### Problem details
The records below are to be repeated exactly, minus any pictures.

### Records supplied

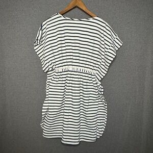 Cusma Swim Cover-Up Beach V-Neck Navy Stripe Nautical Size Large
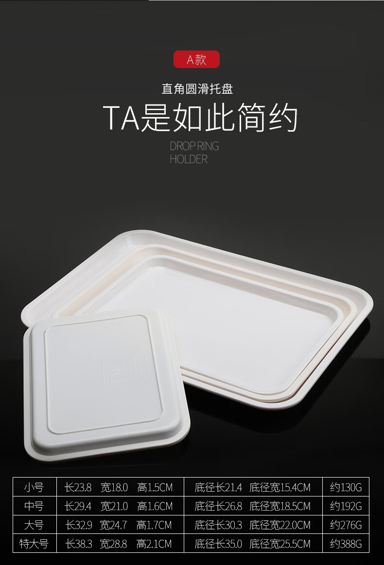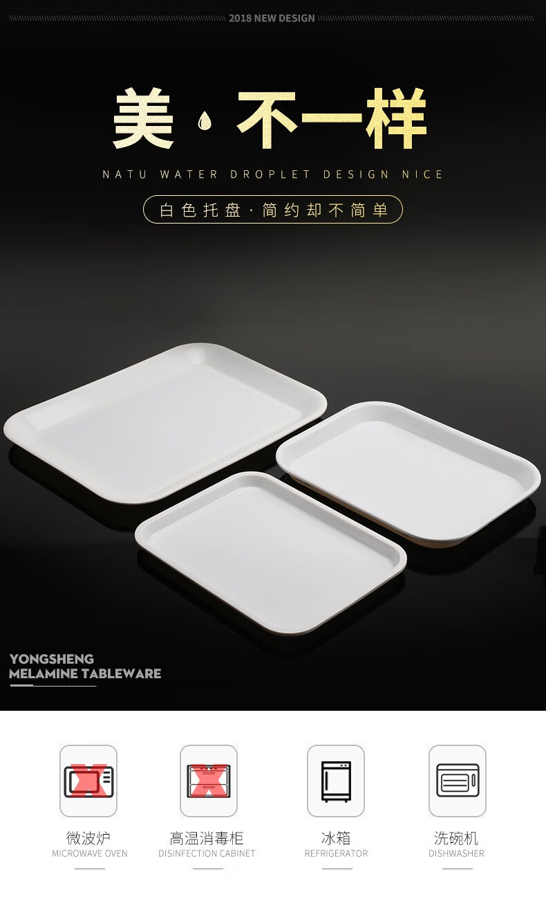 Yimeihuangting melamine tray white dinner plate plastic plate imitation porcelain guest room rectangular plate serving plate bread plate cake snack white large tray
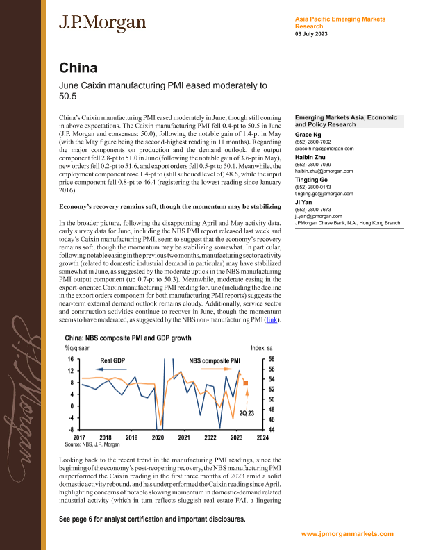 【J.P. Morgan】【20230703】June Caixin manufacturing PMI eased moderately to 50.5-10页
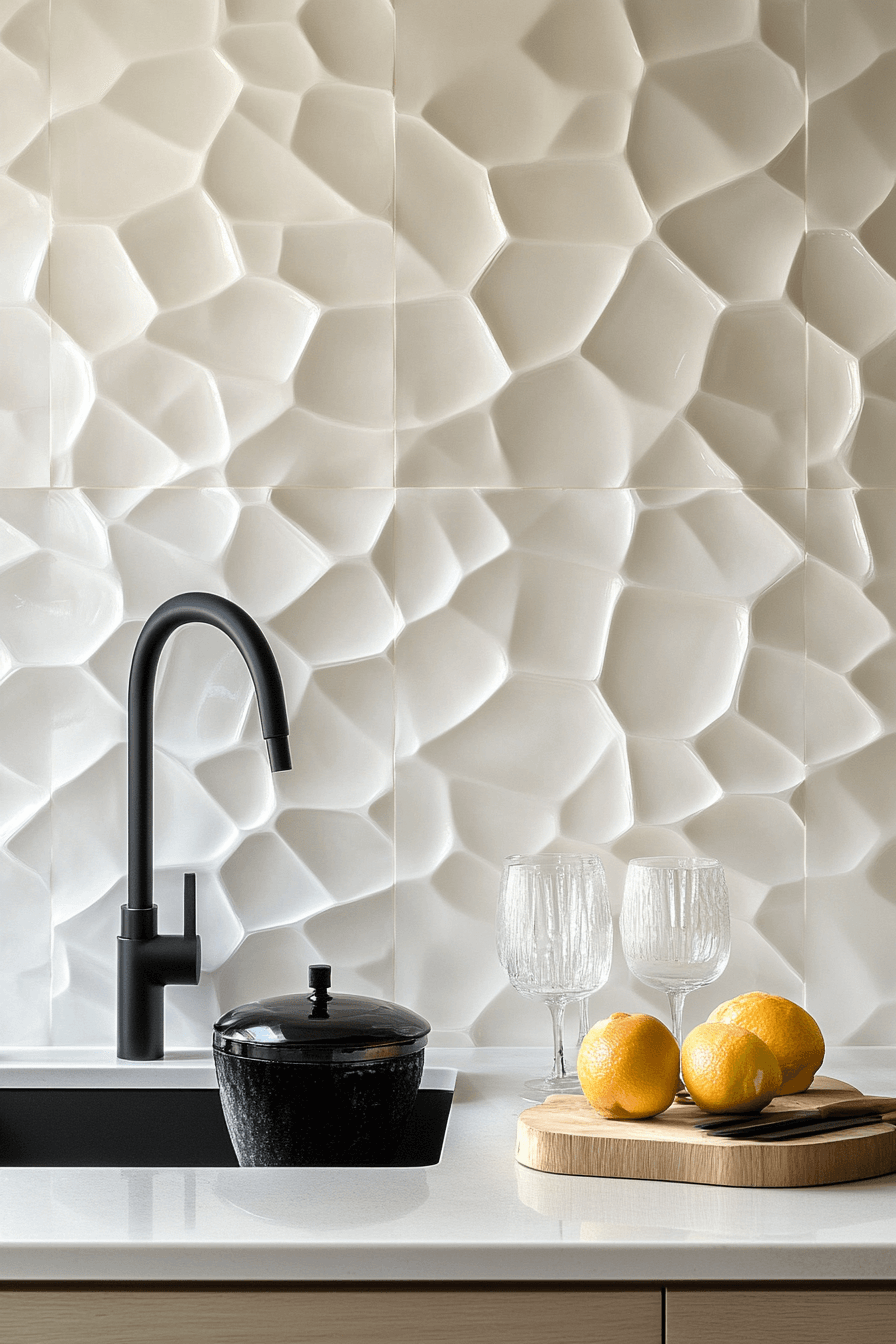 3D tiles transform your backsplash kitchen ideas into bold, tactile statements with their sculptural shapes and shadow play. These dimensional designs add depth, movement, and artistic drama to your walls. Whether you choose subtle ripples or geometric extrusions, they captivate from every angle. Their dynamic surfaces reflect light in mesmerizing ways, making your backsplash an unforgettable focal point. Perfect for modern or high-concept spaces.
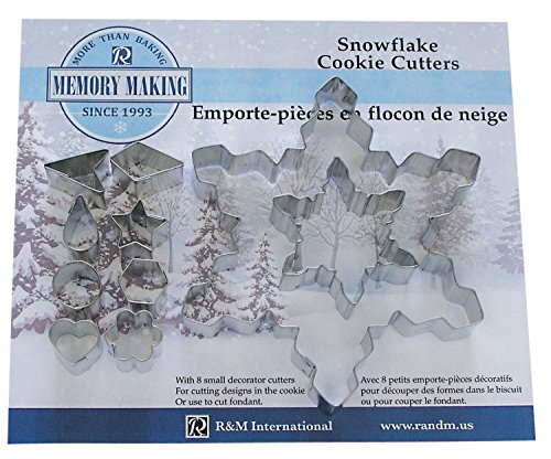 R & M International 10 Piece Snowflake Cookie Cutter Set with Customizable Decorator Cutters for Intricate Designs, Silver
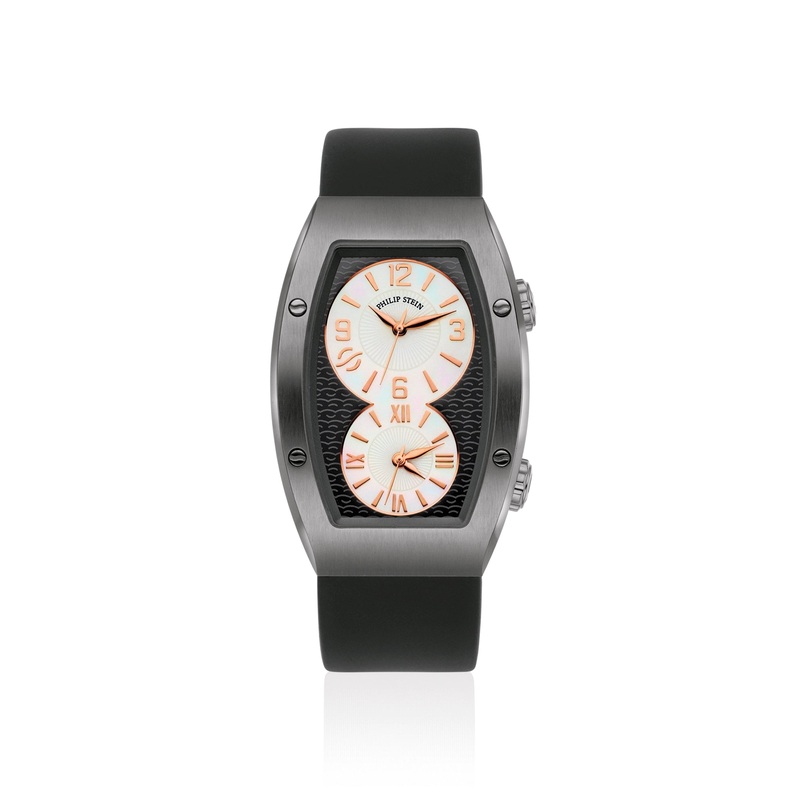 From our new Signature Evolution Collection, this sophisticated Philip Stein watch blends contemporary style with groundbreaking health and wellness technology. Dual time zone dials in striking beautiful Black rubber strap in deploymentbuckle the look and
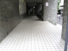 エントランスはガラス扉で、白いタイルが中まで続いています。
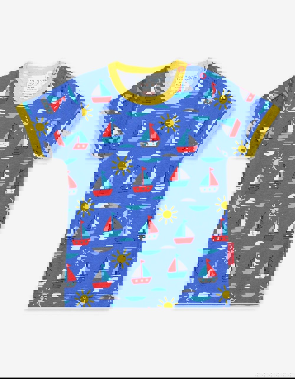 Ahoy there! Let's take to the high seas in this nautical summer organic cotton T-shirt. While colourful dinghies bob about on the deep blue sea, the sunshine-yellow trim finishes off this organic cotton T-shirt in style and will keep your little one cool and comfy all summer long. Love our bobbing boats? Check out our full nautical collection of organic childrenswear online at Toby Tiger.
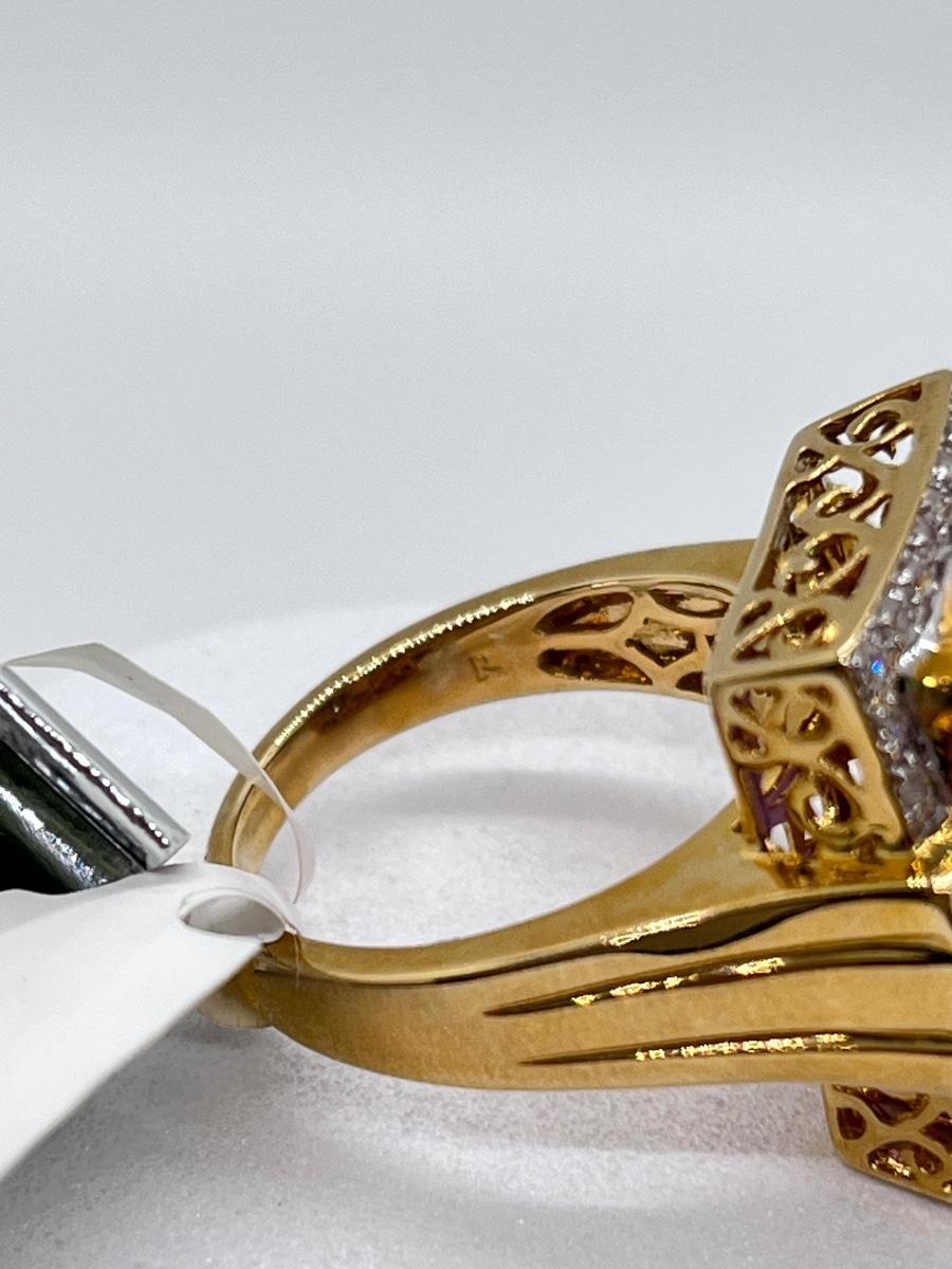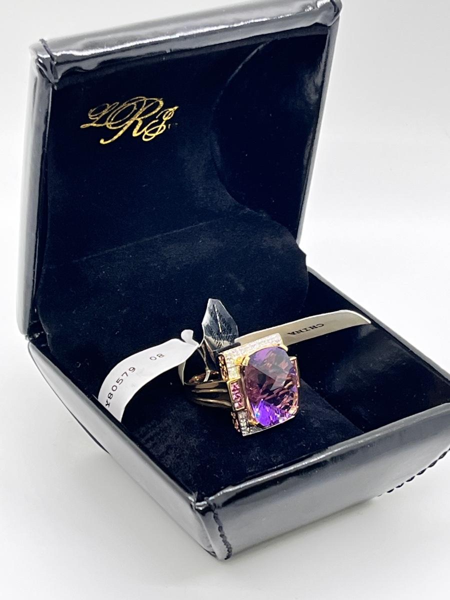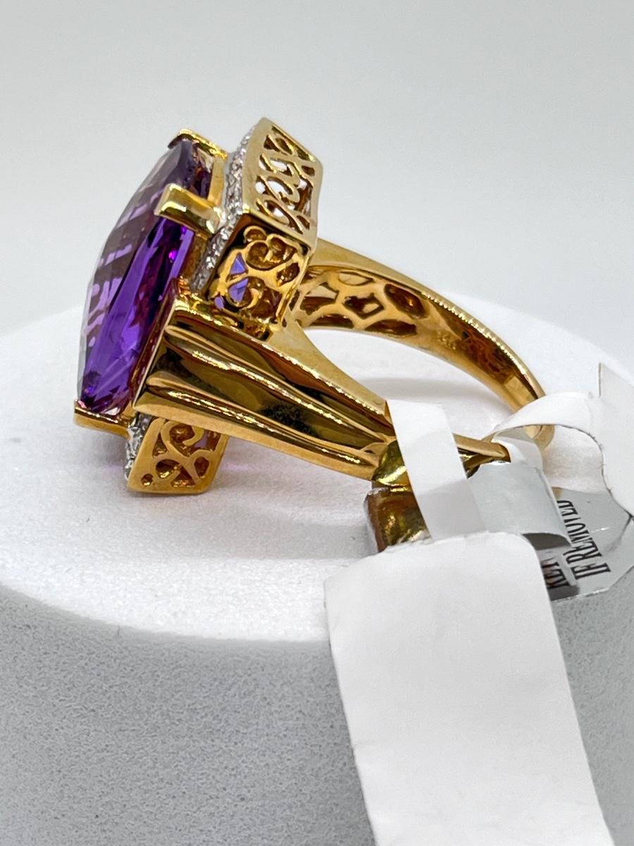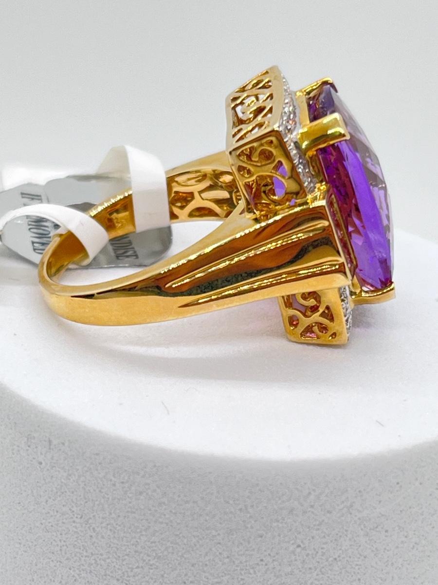 LOT 162J:NEW! Delightful Size 8 14K Gold Cocktail Ring with Huge Cushion-Cut Amethyst Flanked by Pink Topaz and Diamonds - 11 gtw

### Result of this task
 Cusma Swim Cover-Up Beach V-Neck Navy Stripe Nautical Size Large
 Yimeihuangting melamine tray white dinner plate plastic plate imitation porcelain guest room rectangular plate serving plate bread plate cake snack white large tray
 【J.P. Morgan】【20230703】June Caixin manufacturing PMI eased moderately to 50.5-10页
 3D tiles transform your backsplash kitchen ideas into bold, tactile statements with their sculptural shapes and shadow play. These dimensional designs add depth, movement, and artistic drama to your walls. Whether you choose subtle ripples or geometric extrusions, they captivate from every angle. Their dynamic surfaces reflect light in mesmerizing ways, making your backsplash an unforgettable focal point. Perfect for modern or high-concept spaces.
 R & M International 10 Piece Snowflake Cookie Cutter Set with Customizable Decorator Cutters for Intricate Designs, Silver
 From our new Signature Evolution Collection, this sophisticated Philip Stein watch blends contemporary style with groundbreaking health and wellness technology. Dual time zone dials in striking beautiful Black rubber strap in deploymentbuckle the look and
 エントランスはガラス扉で、白いタイルが中まで続いています。
 Ahoy there! Let's take to the high seas in this nautical summer organic cotton T-shirt. While colourful dinghies bob about on the deep blue sea, the sunshine-yellow trim finishes off this organic cotton T-shirt in style and will keep your little one cool and comfy all summer long. Love our bobbing boats? Check out our full nautical collection of organic childrenswear online at Toby Tiger.
 LOT 162J:NEW! Delightful Size 8 14K Gold Cocktail Ring with Huge Cushion-Cut Amethyst Flanked by Pink Topaz and Diamonds - 11 gtw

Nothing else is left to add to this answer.